Попадались подберезовики, сыроежки, опята. Брать их было некуда, почти полная Лубянка давно оттягивала и резала плечо веревочкой. Шурка любовался на грибы, разглядывал их. Ему приметилось, что у подберезовиков, или серых, как их все называли, шляпки были рябоватые, как береста, а в валежнике росли черноголовые, будто прелые листья. И серянки хоронились в белоусе под цвет ему, грязно–белесые, но под кустами ольхи они были сиреневые, под стать деревцу, под которыми росли.

— Ишь какие хитряги! — рассмеялся Шурка. — Прячетесь от меня? А я все равно вас вижу… И тебя, груздь, вижу, хоть ты и зарылся в мусор. И лисичку вижу — эвон навострила рыженькие ушки… Всех, всех вижу, только собирать мне вас не во что. Ладно, живите на здоровье до другого раза! милостиво позволил он.

У дряхлого боровика прилипла к корню улитка. Шурка взял ее на ладонь и запел:

Улита, улита, выпусти рога,

Дам кусок пирога!

Улитка, как известно, очень любит пирог. Она сейчас же охотно высунула черные, двояшками, рожки. Но пирога не получила и, поняв, что ее, как всегда, обманули, свернулась серым комочком.

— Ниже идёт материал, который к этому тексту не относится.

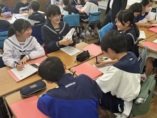 調べたことを生き生きと仲間に伝える姿は,すっかり附属浜松中生です。

— На гостинчика, березка! — сказал Шурка, бросая улитку.

Он разговаривал с грибами, улитками и березами, пока не напал на стадо «коровок». Они паслись на мхе и брусничнике. Шурка поставил Лубянку на землю возле первой березы, чтобы легче и удобнее было трудиться.

Он полз от гриба к грибу, и где видел один белый — там находил два, где замечал пару — там их оказывалось четыре, пять. Грибы словно росли на его глазах, как только он подползал к ним. Он клал их в картуз, в подол рубахи, набрал полные руки. Грибы сыпались у него, он не мог пошевелить пальцами. И только тогда он вспомнил о Лубянке и медленно пошел обратно.

Корзинка точно сквозь землю провалилась. Шурка сунулся туда–сюда, везде росли березы, а Лубянки не было.

Спотыкаясь, роняя грибы и подбирая их, он побежал. Сворачивал в разные стороны, возвращался назад, кидался вперед и везде натыкался на березы. И болотина куда‑то запропастилась, и сумрачные заросли осинника и можжух пропали. Одни высоченные березы окружали Шурку. И он опять почувствовал себя маленьким, и одиночество теперь ему не понравилось.

Ему было страшно сознаться, что он потерял лубянку и, хуже того, заблудился. Он бы крикнул, позвал отца, да вспомнил про леших, которые жили в Заполе, про волков и медведей, и голос у него перехватило.

«Крикнешь, а они услышат — прибегут и сцапают, — напугал он себя. Надо потихоньку самому выбираться». Он подумал, что отец будет его искать и аукаться, и тогда он побежит на его голос. А пока лучше, пожалуй, не двигаться и ждать.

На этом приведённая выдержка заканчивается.